Since the 2005 Maputo Declaration in which African health ministers declared TB as a continental emergency, two countries in the SADC region – Malawi and Namibia – have already declared TB a national emergency. Once TB is declared an emergency it would mean an increase in human resources, strengthening and decentralization of TB services, active finding and vigorous sensitisation of communities on the disease.

“This also entails the review of progress in the response every six months until the situation is put under control,” said Dlamini.

With the high burden of TB Swaziland is faced with, Sister Diane DalleMolle, director of the Cabrini Ministries, an organisation currently assisting 1,500 TB patients in the Lubombo region, expected Swaziland to follow suit this year.

“It was real denial by government of the reality of the TB situation in the country,” said Sister DalleMolle. “I expected Swaziland to be first to tell the world that ‘indeed we have a problem’.”

National TB Programme manager Dlamini hinted that a declaration may be in the pipeline.

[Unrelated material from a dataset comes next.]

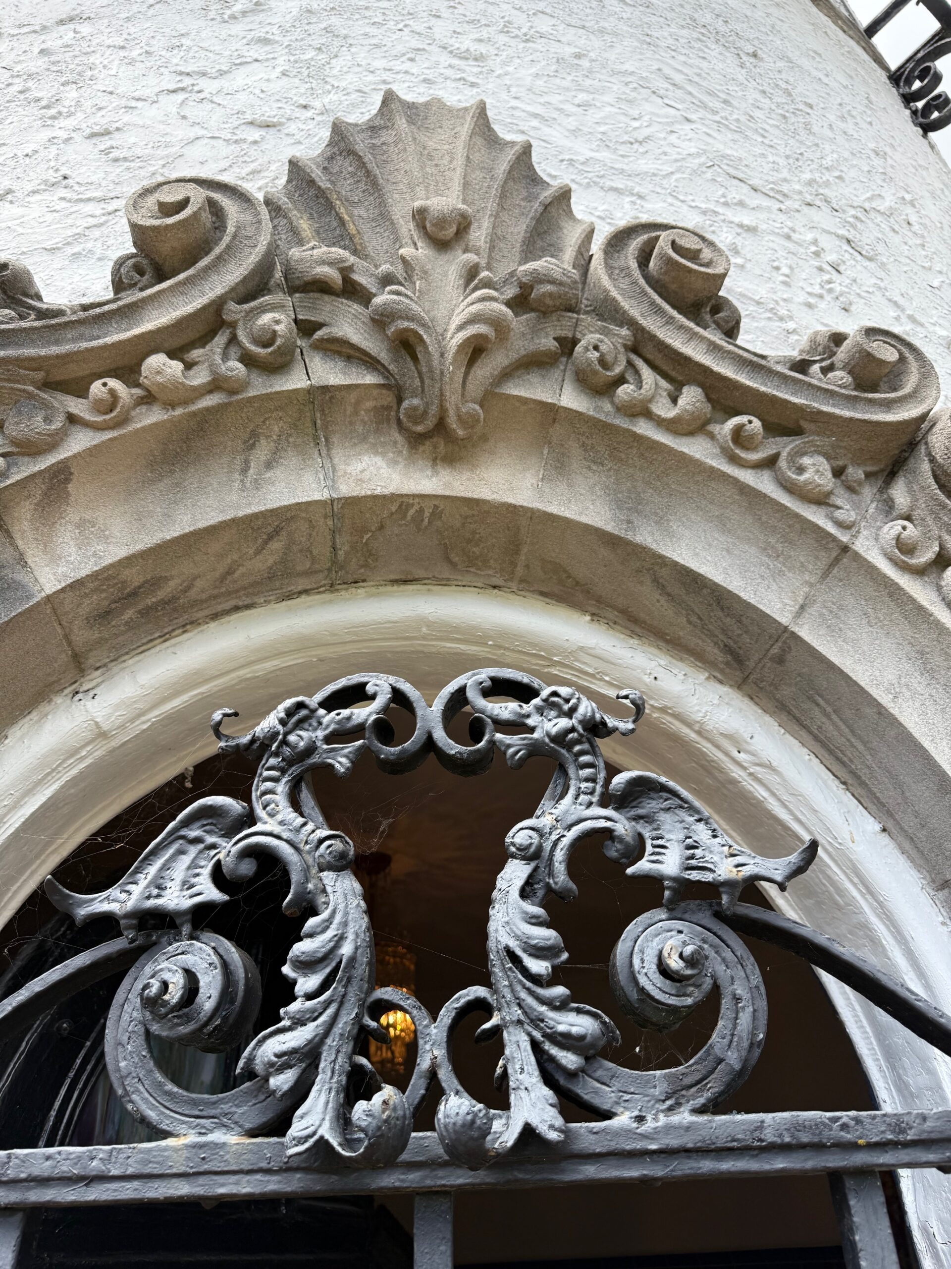 A beautifully hand-forged, architecturally curved iron entry gate salvaged from the landmark Windsor House—the famed Castle Above the Clouds—on Lookout Mountain, Tennessee. Installed in the home’s rounded tower entry during its lavish 1930s construction, this exceptional gate represents the pinnacle of custom ornamental ironwork commissioned for George and Elizabeth Scholze.

“We needed to do serious lobbying to convince the Ministry of Health and the National Disaster Management Agency (NDMA) that indeed TB is an emergency,” said Dlamini. “Now I can say the Ministry of Health is convinced that TB is an emergency but the contingency plan was not yet approved on World TB Day.”

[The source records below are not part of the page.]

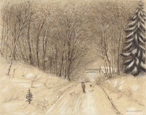Winterlandschaft mit Spaziergänger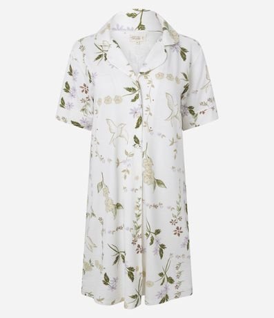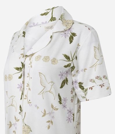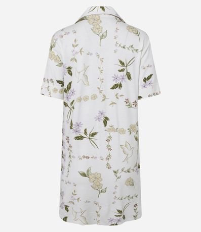 Camisola feminina de modelo americano, confeccionada em viscolycra, com gola colarinho e mangas curtas. Possui estampa floral.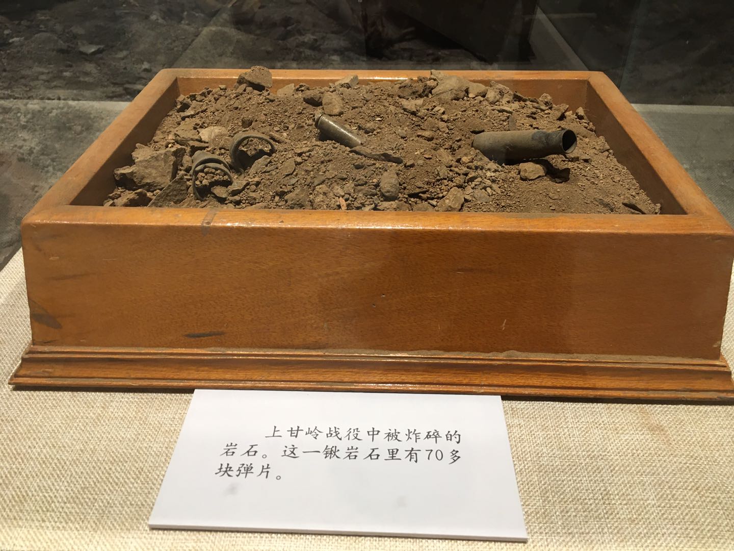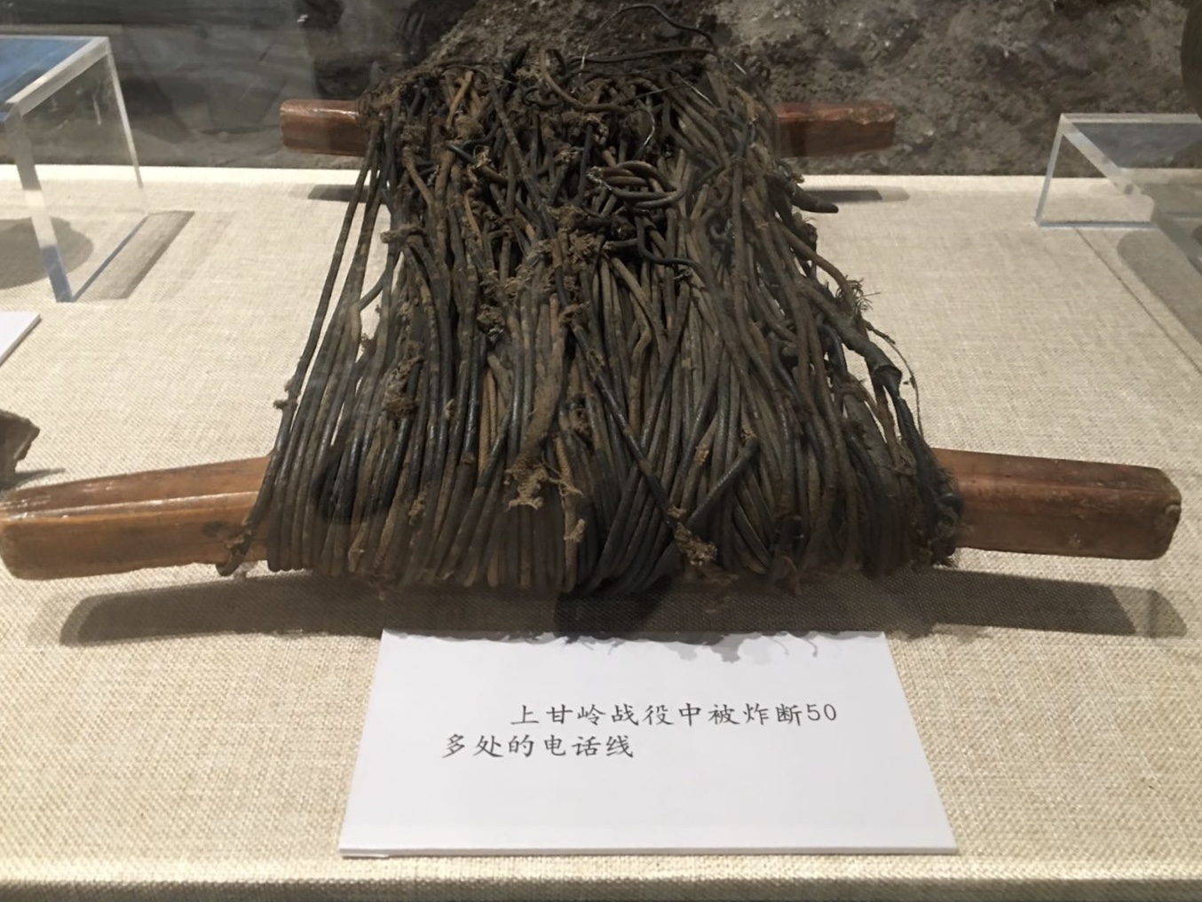 在軍博的主題展覽“血戰(zhàn)上甘嶺”展區(qū),幾件戰(zhàn)場實(shí)物似乎還能讓人聞到當(dāng)年的殘酷硝煙:一截嵌滿彈片的枯樹干,一堆摻雜著彈片的碎石焦土,被炸斷50多處的200多米電話線……

He said that the minister of health, Benedict Xaba, was still developing a contingency plan to deal for approval by the NDMA and then Cabinet, paving the way for increased resources to tackle the disease head on. He stressed that TB is a priority for government.

Along with other African Union members, Swaziland committed itself to spending 15 percent of its budget on health as per the Abuja Declaration. And its health budget allocation has increased from 10 percent in 2008, to 11.5 percent in the present financial year. Minister of finance Majozi Sithole was quick to point out to parliament that the budget for the Ministry of Health would increase to 17.2 percent after contributions from donors were taken into account.

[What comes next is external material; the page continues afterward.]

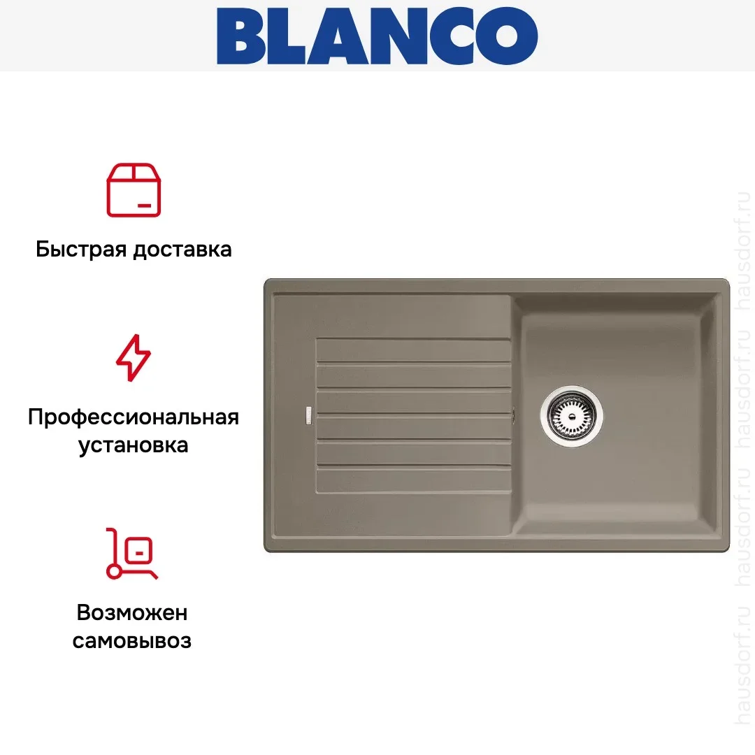 Blanco Zia 5 S — гранитная мойка оборачиваемой конструкции. Модель укомплектована отводной арматурой с корзинчатым вентилем, обеспечивающим защиту от образования засоров.

“For the first time, TB is the third priority after water and sanitation and HIV/AIDS at the Ministry of Health. TB used to rank as one of the lowest in the priority list,” explained Dlamini.

However, because of the global economic meltdown, it looks like the Kingdom is yet to plunge into deeper problems considering its heavy dependence in foreign aid. Already the Global Fund to fight AIDS, Malaria and TB has called for a 10 percent reduction on the $5 million allocated to the TB programme for the next two years.

“The situation might change in the future but for the next two years the Global Fund has requested us to reduce by 10 percent because of the global economic situation,” said Dlamini.

Cabrini’s Sister DalleMolle said donations from individuals from overseas have decreased by 75 percent. “Although I suspect we won’t stop doing what we have to do, some of our programmes will have to go,” she said.

Long before the global economic crisis Swaziland was no longer attracting adequate donor funding because the Kingdom is classified as a middle-income country. According to World Food Programme (WFP) officer in charge Robina Mulenga, the global economic meltdown found Swaziland already struggling to attract international donors because of the ‘middle-income’ status. This is despite the fact that more than two thirds of the population live on less than a dollar a day.

“Now we have to start looking for money within the country because Swaziland is not considered to be in a desperate need for aid,” said Mulenga.

She said WFP realises the need for food assistance to food insecure TB and AIDS patients as part of their treatment. “But the global economic meltdown will affect our resources,” said Mulenga.